Search code examples
matrixtensorflowimage-segmentationsampling

How to sample n pixels from different object classes in tensorflow?


Problem

I want to randomly sample n pixels from every instance class in an image.

Lets say my image is given as I with width w and height h. I also have an image with the labels L describing the instance classes of the same shape as I.

Current Approach

My current idea is to first reshape the labels to one large vector of shape (N_p, 1). Then I repeat them N_c times to have shape (N_p, N_c). Now I repeat a vector l consisting of all unique labels with shape (1, N_c) to shape (N_p, N_c). Equaling those two gets me a matrix with a one in column y and row x, where pixel corresponding to row x is of class corresponding to column y.

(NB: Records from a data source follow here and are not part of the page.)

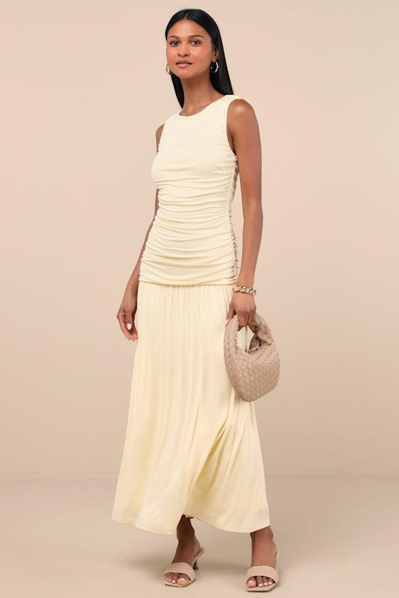 This buttery soft jersey knit dress will do wonders for you figure, thanks to strategic ruching along the sides of the fitted sleeveless silhouette. A trendy drop waist sits atop a breezy A-line skirt that falls to ankle-grazing hem. Button-loop keyhole cutout at back.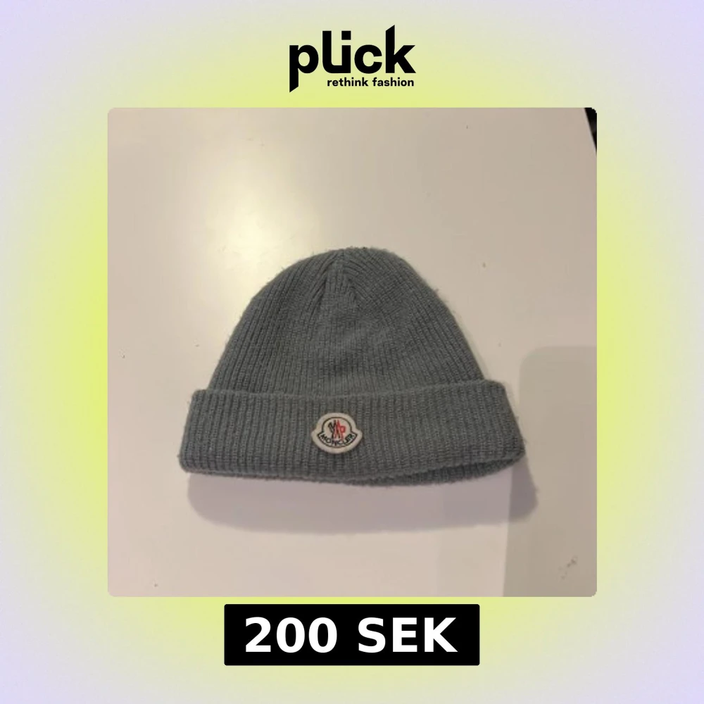 Snygg grå ribbstickad mössa från Moncler med klassisk uppvikt kant och broderad logotyp framtill. Mössan har en enkel, rundad form och är tillverkad i mjukt stickat material som håller dig varm. Perfekt för dig som gillar stilrena accessoarer med exklusiv känsla. Den har två små revor som inte syns så mycket men inget som påverkar funktionen.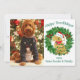 Um rabisco de Ouro de Cartoon Personalizado, Puppy vestindo "Esta é a estação" chapéu de Papai Noel, embrulhado em luzes de natal. Festiva borda da coroa de natal. Personalize com sua foto e seu nome para criar uma placa de cartões de natal exclusiva de amante de goldendoodle! © EMR. Designs.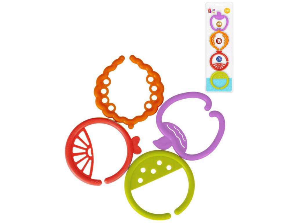 BAM BAM Baby senzorické plastové kroužky ve tvaru ovoce, set 16ks pro nejmenší děti, pro miminko. 4 barvy a 4 druhy v balení. Velikost 7cm.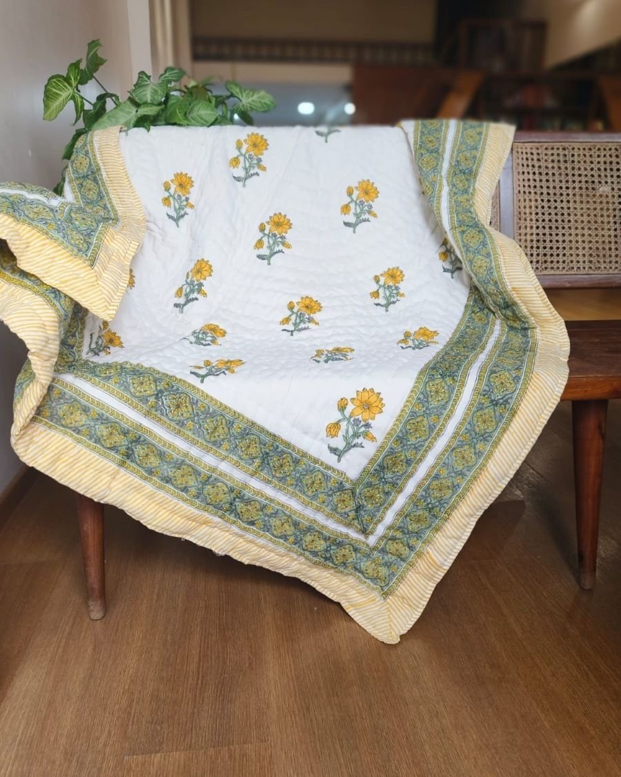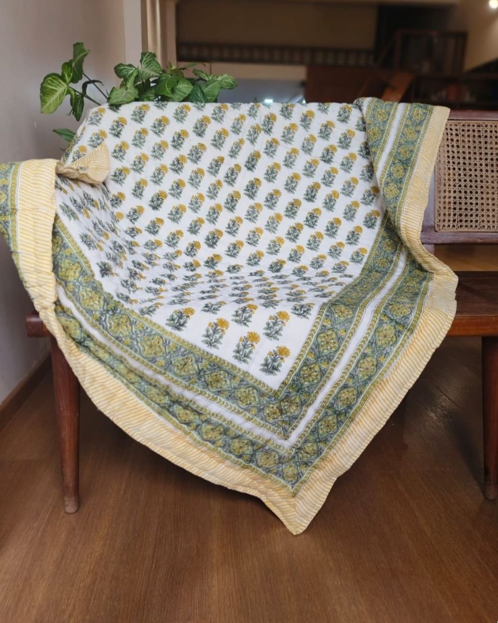Handblock Print Reversible Single Razai from Jaipur. Very soft mul cotton exterior, with cotton filling.

The next step is to concatenate a matrix with increasing index positions with the previous matrix. Now I can random shuffle that matrix across the rows.

The only missing step is to extract n*N_c rows of that matrix, which first have a one for each of the classes. Then using the indices in the right part of the matrix, I can use

tf.gather_nd

to get the pixels out of the original image I.

Questions

  1. How can I achieve the missing operation in tensorflow? That is: Get the k*n rows, such that they contain each the first n rows having a one in the left part of the matrix for each column of the matrix.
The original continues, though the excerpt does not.